Конечно, нет такой заповеди, которая обязывала бы Философова любить именно Зинаиду Гиппиус, а не кого-нибудь другого. И если он прежде всего борется за себя — это его священное право. Единственно, что можно бы ему по этому поводу заметить, это что с точки зрения человеческой момент, выбранный для расправы с Гиппиус, не совсем удачен.

В деревне Философов ничего матери о Париже не сказал. Решил написать из Петербурга. Но решение — одно, а дело — другое… Когда наконец после многих усилий письмо было написано, оно долго лежало, он каждый день не решался его послать. Возвращаться же в Кобрино, не имея ответа от матери, ему не хотелось. Получился тупик. Дело доходило до того, что, по собственному его признанию, он «напивался и хамски кутил до утра».

Наконец, 2 августа, Гиппиус посылает ему телеграмму. Он тотчас отвечает: «Дорогой друг, ты меня знаешь, и знаешь, что все мои беды от недостатка воли. Если я застрял так долго здесь, то именно по болезни воли. Твоя телеграмма заставила меня очнуться.

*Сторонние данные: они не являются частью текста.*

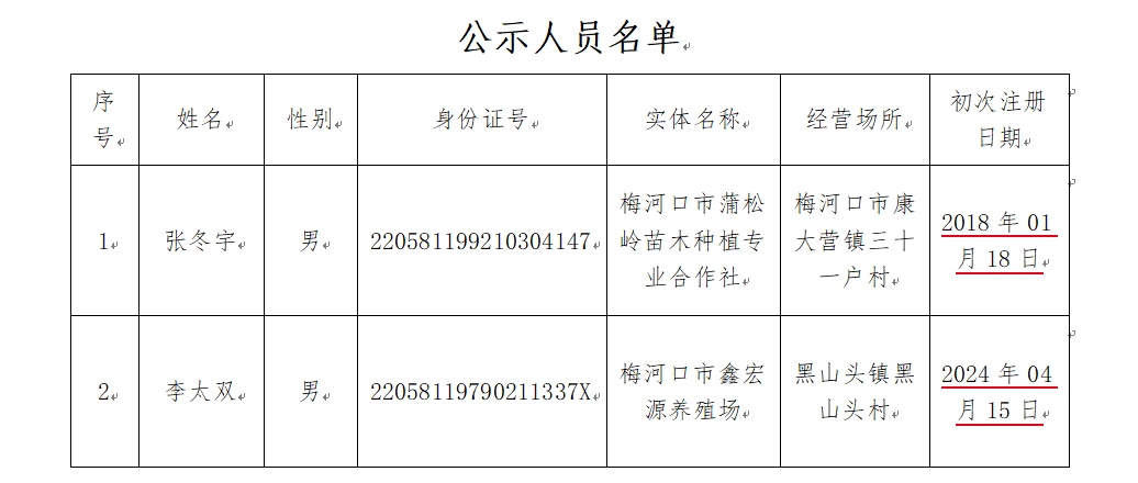 根据《关于做好初次创业补贴申请发放工作的通知》(吉人社联〔2020〕20号)文件要求,经本人申请,梅河口市就业服务局审核,拟认定下列人员符合申请条件,现公示如下。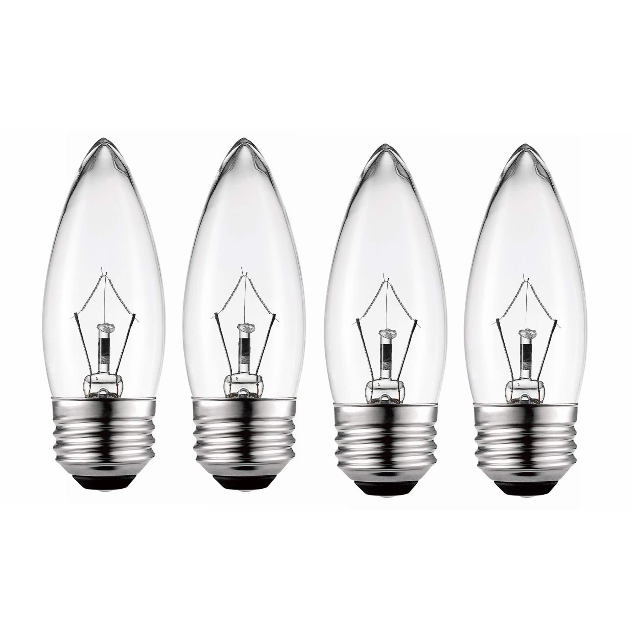 Give your lamps and lighting fixtures a decorative finishing touch with this handy 4-pack of NOMA B10 40W Incandescent Bulbs. Featuring a clear glass construction and a chic, candle-like shape, these B10 incandescent bulbs add attractive lighting to the table, floor, or ceiling lamps in your home. The warm white light imbues any room with a warm glow while the dimmable design allows you to get the exact amount of light you need.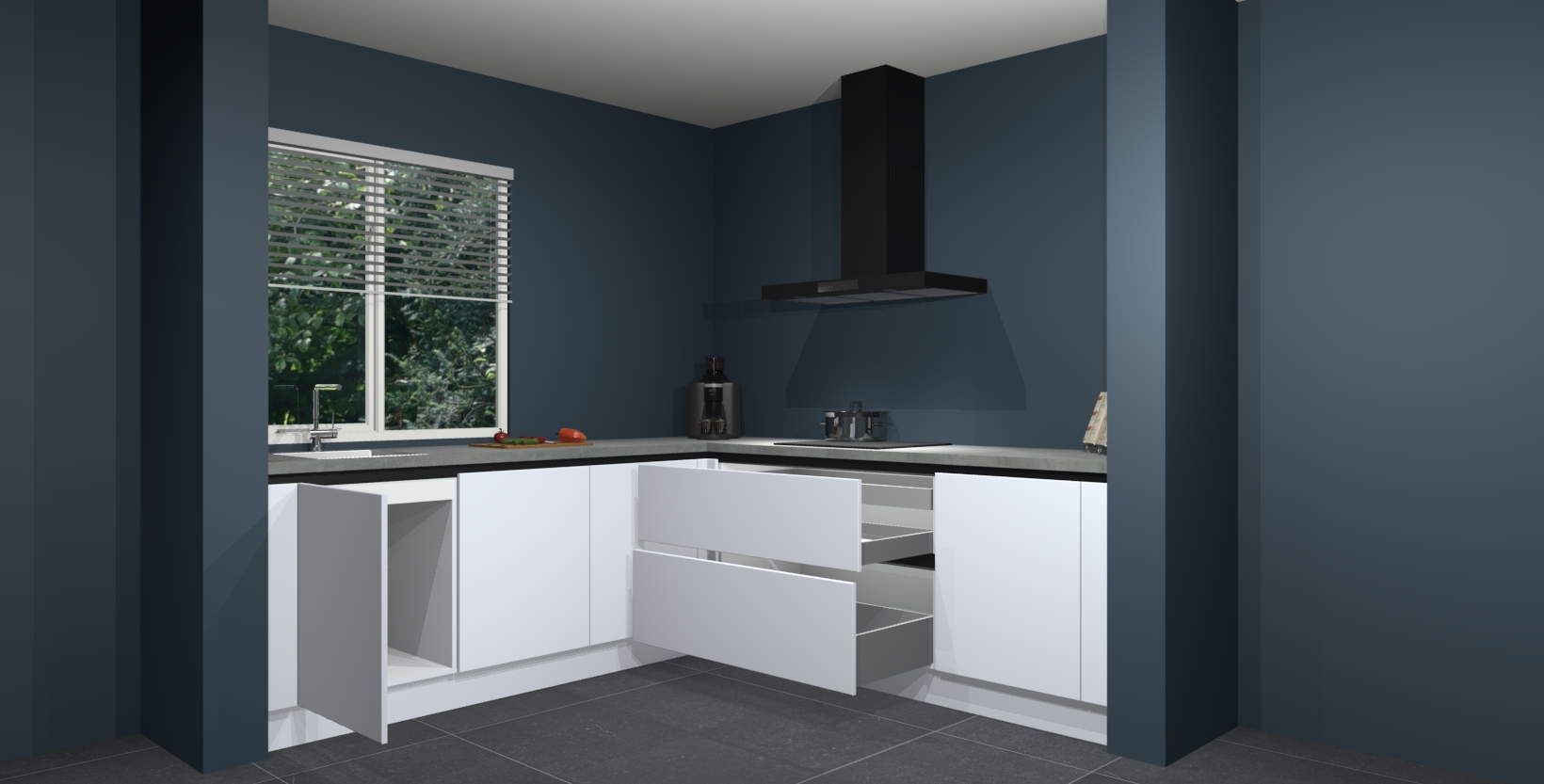 Hoekonderkast met le-mans systeem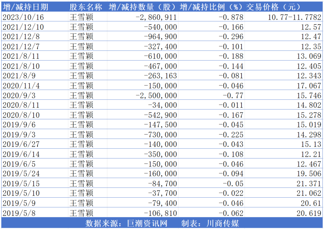 科创四川梳理发现,此次计划减持的三名高管在过去几年中已多次实施减持操作。王雪颖的减持轨迹呈现“低吸高抛”特征:2020年9月以15.75元均价减持250万股,套现3936.5万元;2023年8月在股价11.59元时减持130万股,套现1506.7万元。自2019年5月至2023年10月期间,累计减持超过1124万股,累计实施26次减持,按照每次成交均价计算,累计套现约1.46亿元;公司董事、副总经理、董秘周辉在同期通过5次减持套现557.9万元;公司董事、财务总监汪建华则通过6次减持获得324.7万元。
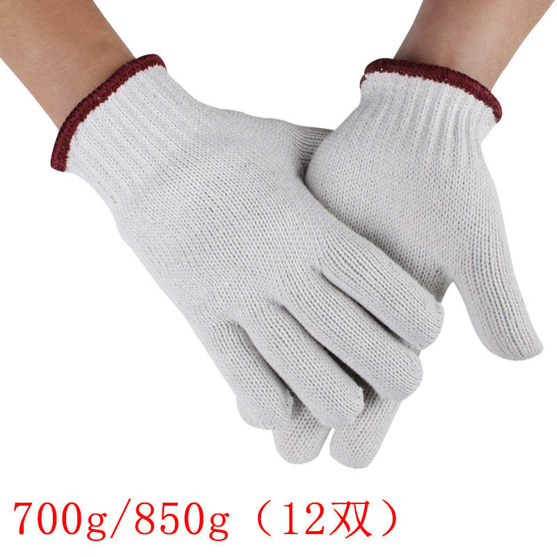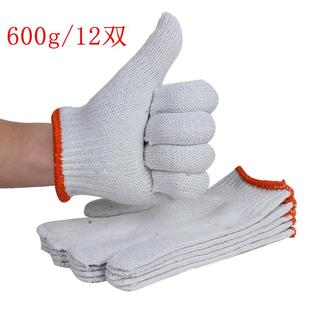 750g 800g手套劳保耐磨棉纱线白线手套加厚工地干活尼龙劳动修车

Вместе с сим отправляю маме письмо, копия с которого при сем. Буду у вас в четверг, в 1.5. Если не приеду, значит, что-нибудь случилось. Тогда приезжайте за мной».

Но он приехал.

V

О поездке за границу Философов мечтал давно. Уже в июле 1904 г. он пишет Гиппиус из Петербурга в Аусзе (Австрия), где она с Мережковским проводит лето: «С Чулковым[531] вчера мечтали. Мечтали об эмиграции и об издании журнала за границей. Он, конечно, с политической точки зрения, а я с религиозной. И мечтать было сладко, и эти мечты засели во мне… Мы все волнуемся, как бы внешняя жизнь более совпала с внутренней… Думаю, что самое «практичное» — это именно внешний отъезд одновременно с внутренним. Для меня такой отъезд очень труден. Подвиг. Но это был бы подвиг с результатом».

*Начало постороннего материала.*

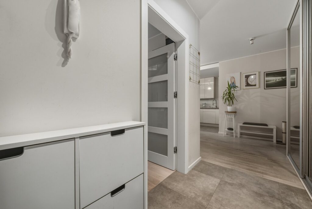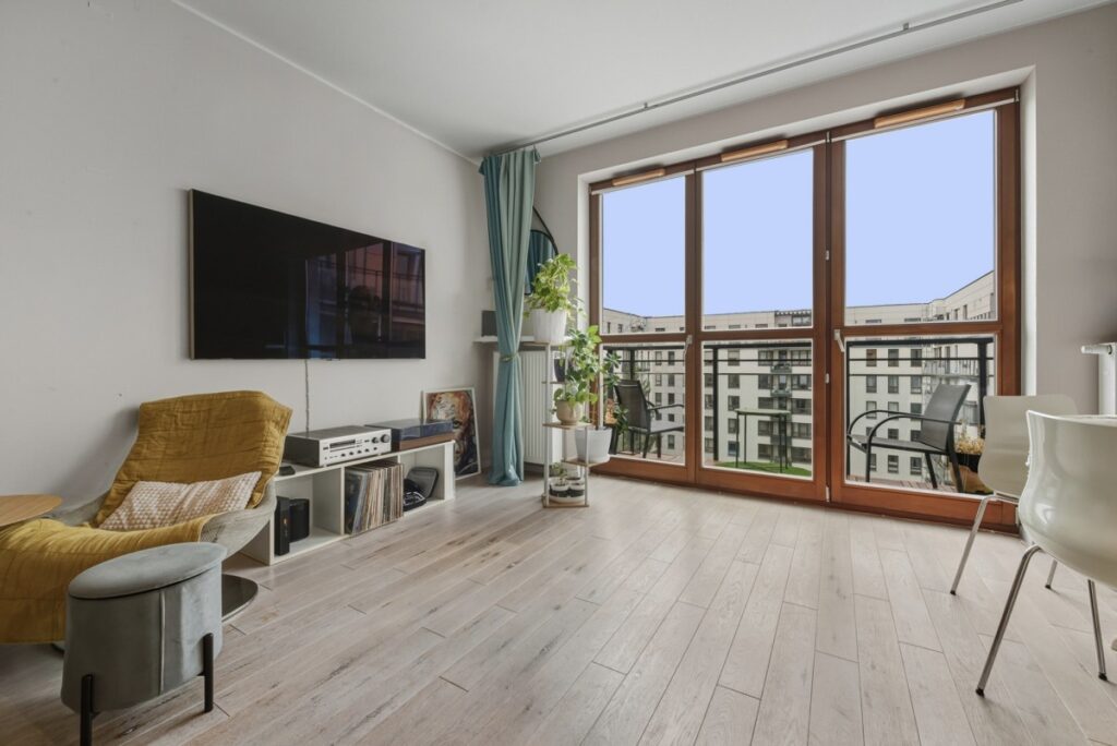The apartment is situated on the 5th floor of a 6-story apartment building from 2014, in the intimate „Atelier Żoliborz” estate. The building is finished to a good standard, well-maintained, and secure – equipped with a modern elevator, monitoring, and security. Quiet and cozy – only 3 apartments per floor. Well-kept and nicely landscaped common areas and outdoor space between buildings. The apartment is very bright thanks to large windows with east/west exposure. The functional layout ensures comfort and privacy for residents.

И будущее рисуется Философову в розовых тонах, что для такого осторожного скептика, как он, по меньшей мере неожиданно. «И вдруг настанет день и час, — мечтает он, — когда мы себе скажем: теперь мы окрепли. Поедем на родину. Скажем, что мы уезжаем для них же, чтобы вернуться к ним сильными, здоровыми, богатыми, что о них мы думали постоянно, потому что любви у нас много. Благослови, Господи!» А о себе он пишет: «Если это будет, то надо готовиться исподволь, жалея меня, не упрекая вечно за мои слабости (я их сам знаю), а жалея, не только любя».

В письме к матери, от 2 августа <1>905 г., в котором он просит ее благословения на «новую жизнь», он о своей поездке говорит приблизительно то же. «Ты давно знаешь, — пишет он, — что я крайне неудовлетворен собой, что жизнь моя как-то так сложилась, что у меня слово не сходится с делом. И вот, наконец, я решил круто повернуть». Это значит — разрыв с Дягилевым. «Ты меня не раз упрекала, — пишет он в том же письме, — что я как-то разошелся с «Миром искусства», что я перешел во враждебный лагерь, причем чувствовалось, что ты боишься, не сделал ли я это под вредным влиянием З.Н.

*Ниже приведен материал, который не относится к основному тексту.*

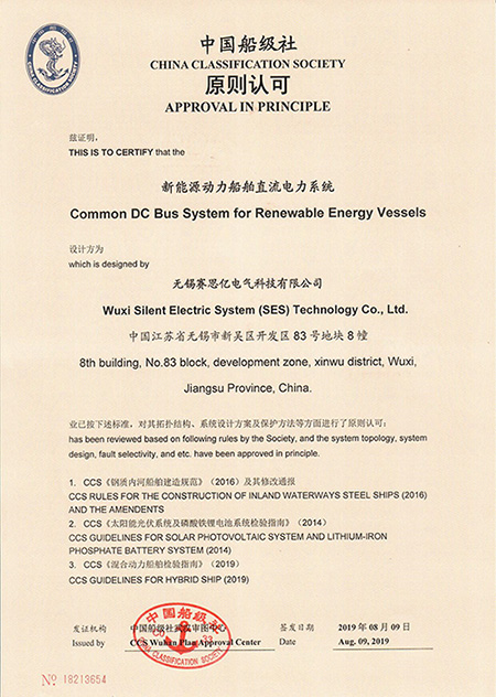 直流組網(wǎng)技術(shù)獲得中國船級社新能源動力原則認(rèn)可證書和中國船級社電力推進(jìn)系統(tǒng)設(shè)計認(rèn)可證明文件。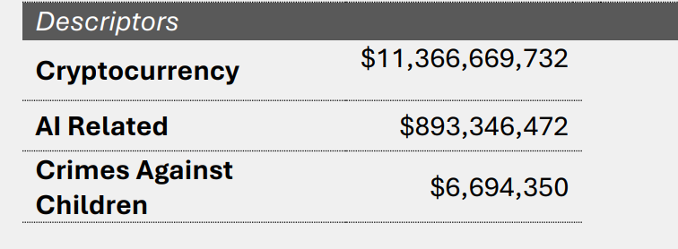 IC3 зафиксировал 181 565 жалоб, связанных с криптовалютой. Сумма потерь составила $11,366 млрд. Это на 21% больше по числу жалоб и на 22% больше по деньгам, чем годом раньше. Средний ущерб в этой категории достиг $62 604. Еще одна важная цифра: 18 589 заявителей сообщили о потерях свыше $100 тысяч.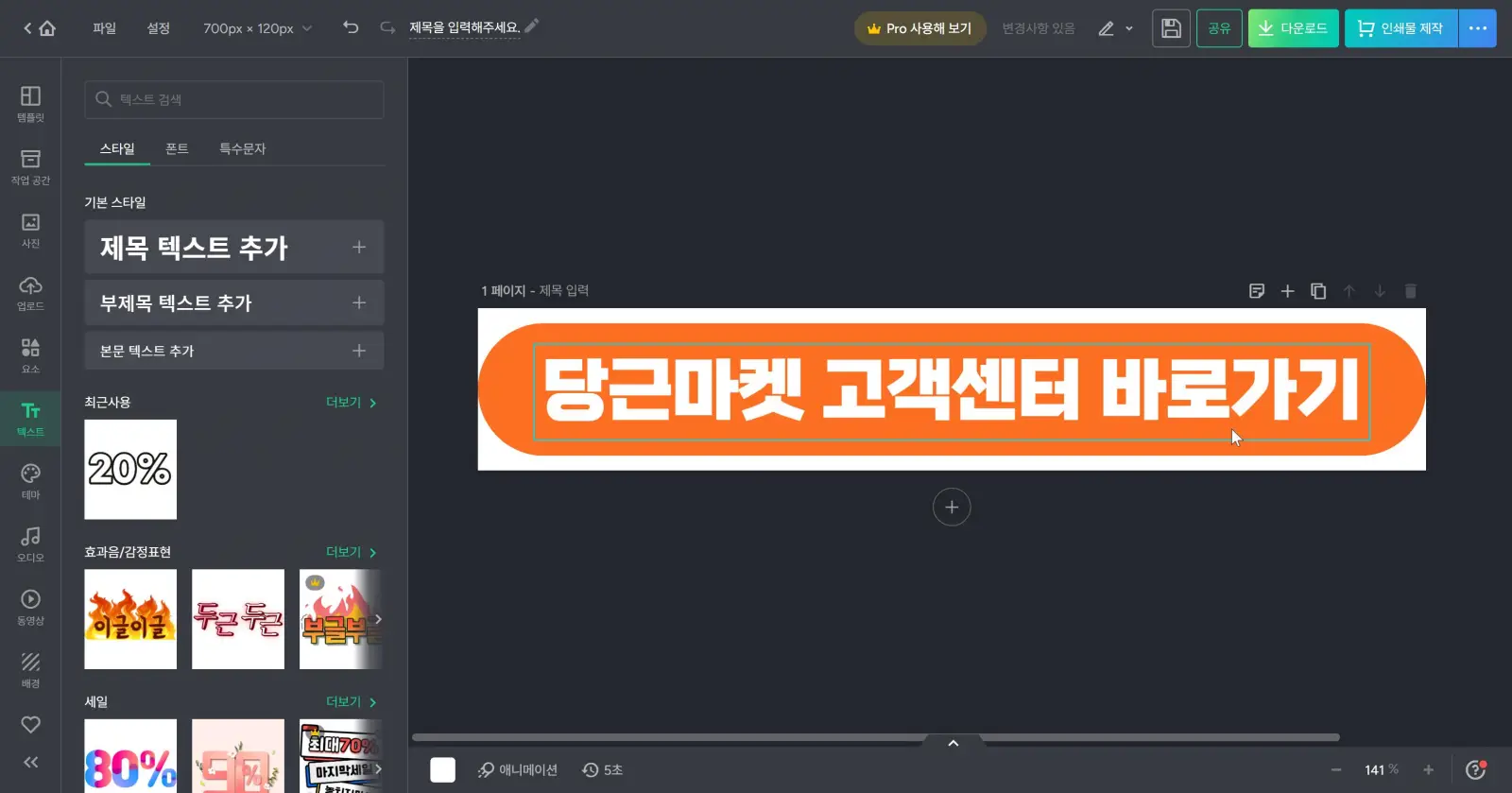 고급 편집이 가능한 'Pro' 플랜을 이용하면 프리미엄 사진과 그래픽을 제한 없이 사용할 수 있습니다.

Мне трудно вводить тебя во все подробности, да это и не надо. Скажу только, что мои пути с Сережиными разошлись и что именно для того, чтобы благодаря житейской близости эта умственная противоположность не перешла во враждебность, мне нужно на некоторое время от него и от «Мира искусства» удалиться».

«Вредное влияние» Гиппиус Философов не отрицает. Но он отрицает свой «роман» с ней. «Я знаю, моя милая, все то, что говорят кругом о моих отношениях к З.Н. Я знаю, что без особого исключительного доверия ко мне очень трудно отрешиться от мысли, что я влюблен, что «Зиночка меня зацапала» и т. д. Вот тут-то и надеюсь только на твое материнское прозрение, на твою любовь ко мне и доверие.

вернуться

531

Чулков Георгий Иванович (1879–1939) — прозаик, поэт, критик, издавал альманахи «Факелы» (кн. 1–3, 1906–1908), «Белые ночи» (1907), газету «Народоправство» (1917). Автор вызвавших полемику книг «О мистическом анархизме» (1906), «Покрывало Изиды» (1909) и мемуаров «Годы странствий» (1930).